[INPUT DATA]:
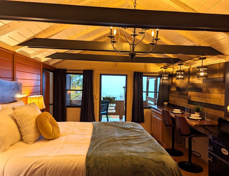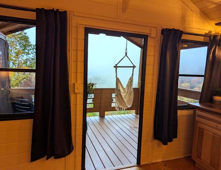 Your cozy one-bedroom cabin has everything you need for comfort and calm, with a private porch overlooking one of the best views in the region. Step out onto your private porch, suspended among the trees, and sink into the hammock swing as you take in sweeping, long-range mountain views sitting 4,000 feet above the sea. From this high-elevation perch, you’ll feel completely immersed in the forest canopy— Featuring a great diversity of birds (91 species recorded), we have the Audubon society’s distinction of Important Bird Area--“one of the most significant examples of high elevation forest and natural communities in the southern Appalachians.”
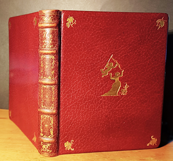 Godard d’Aucourt, (Claude), Themidor. [Meine Geschichte und die meiner Geliebten]. Übertr. von Heinrich Töpfer. Mit 15 in zarten Farben handkolorierten Orig.-Lithographien von Werner Schmidt (1 illustr. Titelblatt, 8 Tafeln, 6 kleinere Illustrationen zu Beginn der Kapitel). München, Hyperion (1921). 13 x 16 cm. 195 S., bordeauxfarbener OLdr. mit goldgepr. Deckelvignette u. Zierrat sowie Kopfgoldschnitt (Rücken etw. nachgedunkelt u. leicht berieben). Sonst tadelloses Exemplar im (stellenw. verblassten) Schuber mit lithograph. Deckel- u. Rückenschild. 1. Auflage. Diese Ausgabe nicht bei Hayn-Gotendorf. * Eins von 200 nummer. Exemplaren der Vorzugsausgabe im hübschen Ganzlederband, vom Künstler im Colophon signiert. – Vorwort von Guy de Maupassant, der diesen erotischen Roman, das bekannteste Werk Godard d’Aucourts, als „Ein Meisterwerk! Und davon gibt es wenige.“ bezeichnet. „O, er ist recht unartig, unmoralisch, gepfeffert – für unsere Sittenprediger, die voller Gedanken und Schamhaftigkeitsrezepte selbst gegen den Rundtanz wüten!“
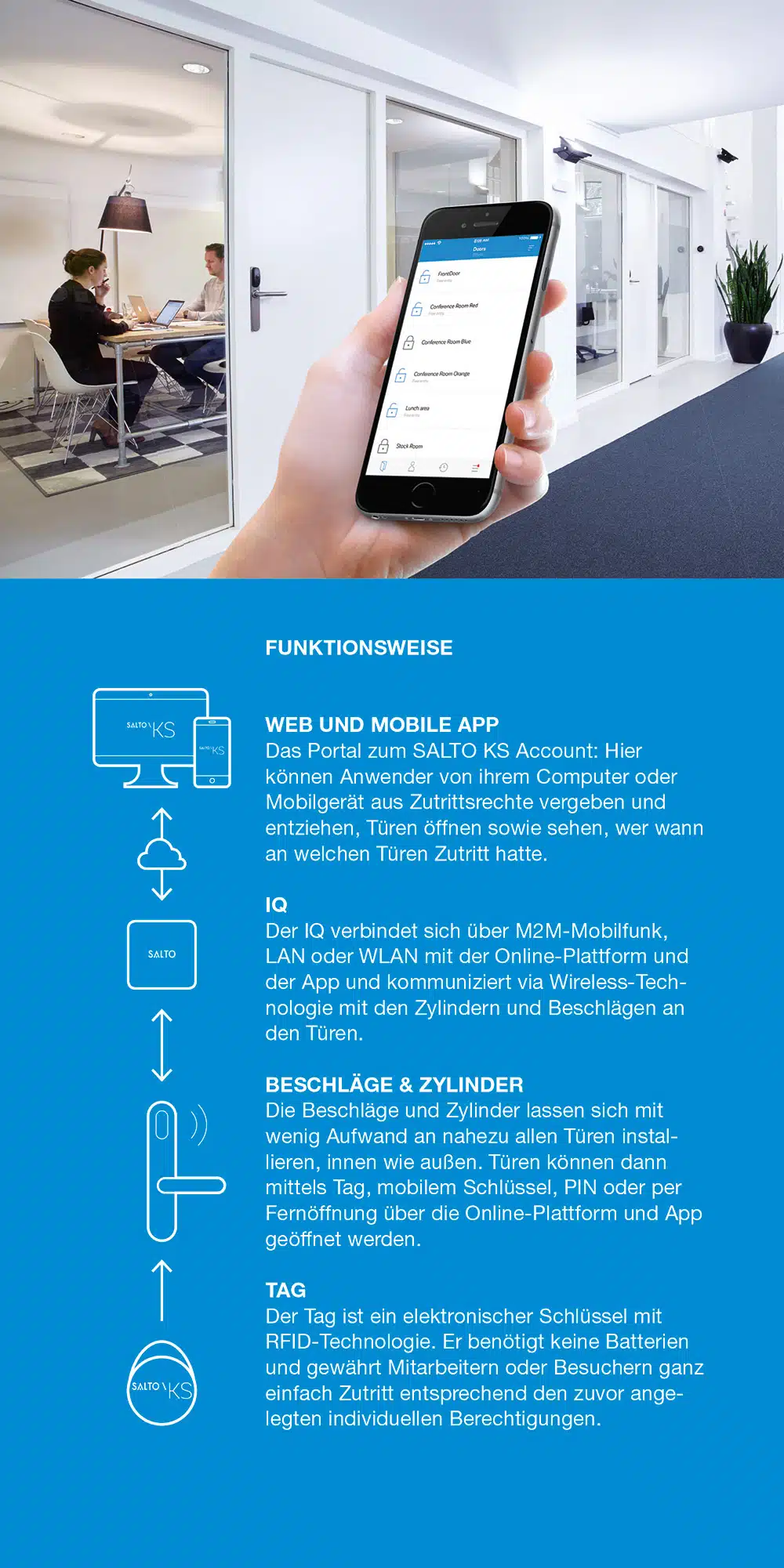 Ein Cloud-basiertes Zutrittssystem lässt sich kabellos und mit wenig Aufwand installieren. Zu den Kernfunktionen gehört das ortsunabhängige Zutrittsmanagement. Anwender legen über eine Web- und Mobile-App Nutzer an, gewähren oder entziehen Zutrittsrechte in Echtzeit und können Türen aus der Ferne öffnen. Dank der Protokollierung und Benachrichtigungen erhalten Verantwortliche optional einen Überblick über die Berechtigungen und Zutrittsereignisse sämtlicher Objekte. Für den Betrieb ist keine Softwareinstallation und nur ein geringer Installations- und Konfigurationsaufwand erforderlich, da die Systemkomponenten und die Türhardware kabellos per Funk miteinander Daten austauschen. Die gesamte Kommunikation zwischen den Komponenten erfolgt hochverschlüsselt und ist damit gegen Abhören und Kopieren geschützt. Sicherheitskritische Vorgänge lassen sich nur über eine Zwei-Faktor-Authentifizierung initiieren.
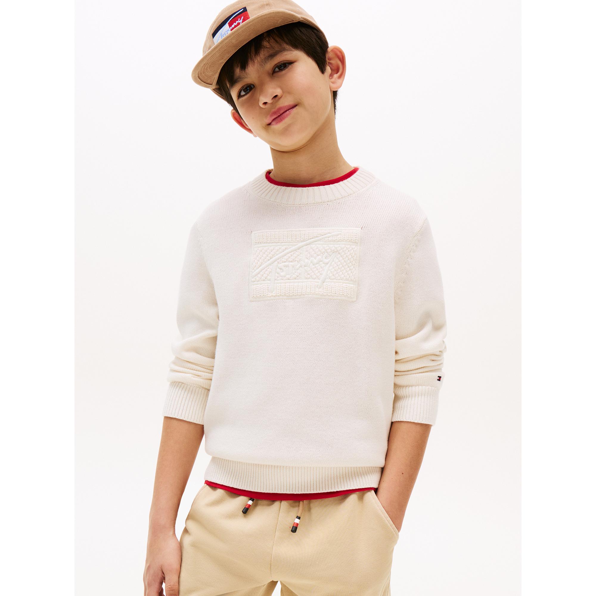 Der „Tommy Script Flag Tonal Sweater“ von Tommy Hilfiger Kids überzeugt mit einem dezenten Logo-Design in zartem Elfenbein-Gelb. Hergestellt aus 100 % regenerativer Baumwolle bietet er ein angenehmes Tragegefühl und steht für nachhaltige Qualität. Ein stilvoller Pullover für jeden Tag.
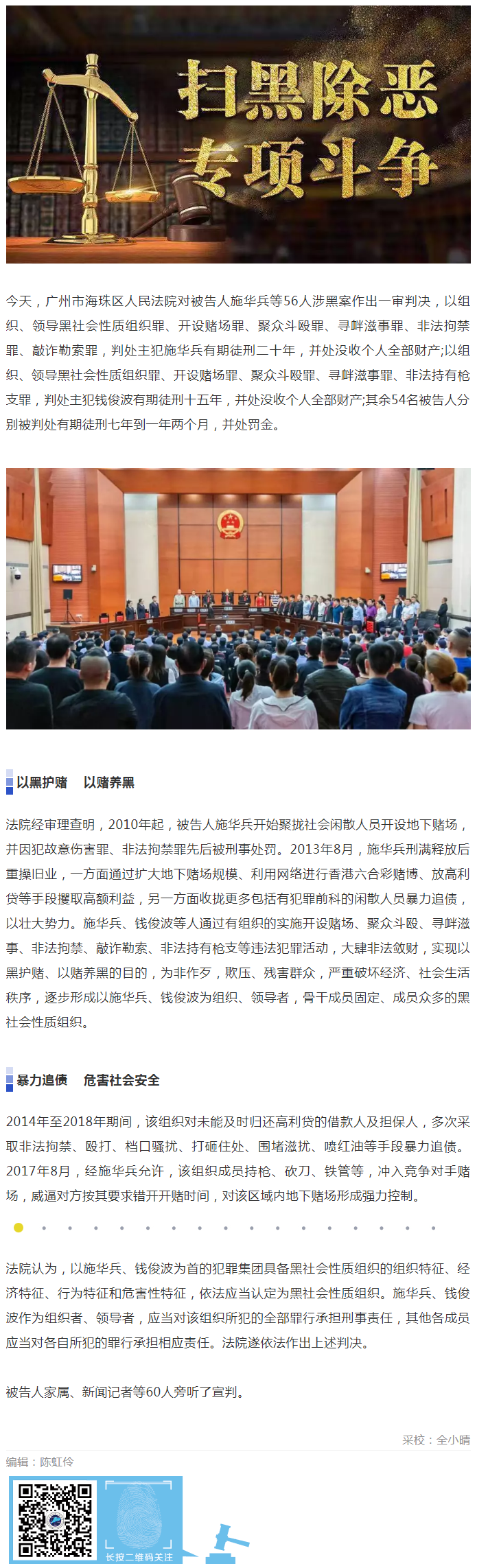 海珠法院对施华兵等56人涉黑案作出一审宣判
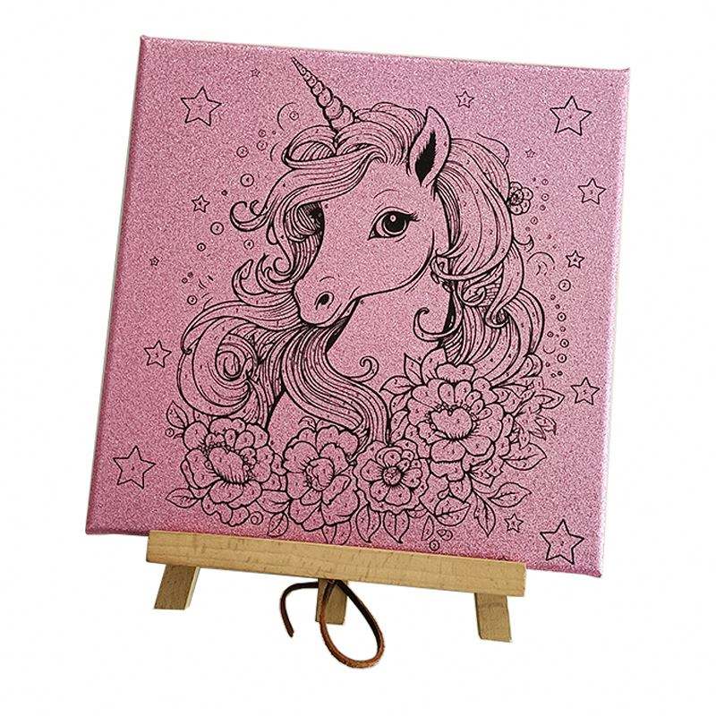 High Quality Pine Wood Frame 25*25 Cm Custom Design Single Color Printed Glitter Canvas Kids Painting Stretched Canvas

[PROBLEM TO WORK ON]: Without carrying over any picture, write out the entries above once more, exactly.

[FINAL ANSWER]:
 Your cozy one-bedroom cabin has everything you need for comfort and calm, with a private porch overlooking one of the best views in the region. Step out onto your private porch, suspended among the trees, and sink into the hammock swing as you take in sweeping, long-range mountain views sitting 4,000 feet above the sea. From this high-elevation perch, you’ll feel completely immersed in the forest canopy— Featuring a great diversity of birds (91 species recorded), we have the Audubon society’s distinction of Important Bird Area--“one of the most significant examples of high elevation forest and natural communities in the southern Appalachians.”
 Godard d’Aucourt, (Claude), Themidor. [Meine Geschichte und die meiner Geliebten]. Übertr. von Heinrich Töpfer. Mit 15 in zarten Farben handkolorierten Orig.-Lithographien von Werner Schmidt (1 illustr. Titelblatt, 8 Tafeln, 6 kleinere Illustrationen zu Beginn der Kapitel). München, Hyperion (1921). 13 x 16 cm. 195 S., bordeauxfarbener OLdr. mit goldgepr. Deckelvignette u. Zierrat sowie Kopfgoldschnitt (Rücken etw. nachgedunkelt u. leicht berieben). Sonst tadelloses Exemplar im (stellenw. verblassten) Schuber mit lithograph. Deckel- u. Rückenschild. 1. Auflage. Diese Ausgabe nicht bei Hayn-Gotendorf. * Eins von 200 nummer. Exemplaren der Vorzugsausgabe im hübschen Ganzlederband, vom Künstler im Colophon signiert. – Vorwort von Guy de Maupassant, der diesen erotischen Roman, das bekannteste Werk Godard d’Aucourts, als „Ein Meisterwerk! Und davon gibt es wenige.“ bezeichnet. „O, er ist recht unartig, unmoralisch, gepfeffert – für unsere Sittenprediger, die voller Gedanken und Schamhaftigkeitsrezepte selbst gegen den Rundtanz wüten!“
 Ein Cloud-basiertes Zutrittssystem lässt sich kabellos und mit wenig Aufwand installieren. Zu den Kernfunktionen gehört das ortsunabhängige Zutrittsmanagement. Anwender legen über eine Web- und Mobile-App Nutzer an, gewähren oder entziehen Zutrittsrechte in Echtzeit und können Türen aus der Ferne öffnen. Dank der Protokollierung und Benachrichtigungen erhalten Verantwortliche optional einen Überblick über die Berechtigungen und Zutrittsereignisse sämtlicher Objekte. Für den Betrieb ist keine Softwareinstallation und nur ein geringer Installations- und Konfigurationsaufwand erforderlich, da die Systemkomponenten und die Türhardware kabellos per Funk miteinander Daten austauschen. Die gesamte Kommunikation zwischen den Komponenten erfolgt hochverschlüsselt und ist damit gegen Abhören und Kopieren geschützt. Sicherheitskritische Vorgänge lassen sich nur über eine Zwei-Faktor-Authentifizierung initiieren.
 Der „Tommy Script Flag Tonal Sweater“ von Tommy Hilfiger Kids überzeugt mit einem dezenten Logo-Design in zartem Elfenbein-Gelb. Hergestellt aus 100 % regenerativer Baumwolle bietet er ein angenehmes Tragegefühl und steht für nachhaltige Qualität. Ein stilvoller Pullover für jeden Tag.
 海珠法院对施华兵等56人涉黑案作出一审宣判
 High Quality Pine Wood Frame 25*25 Cm Custom Design Single Color Printed Glitter Canvas Kids Painting Stretched Canvas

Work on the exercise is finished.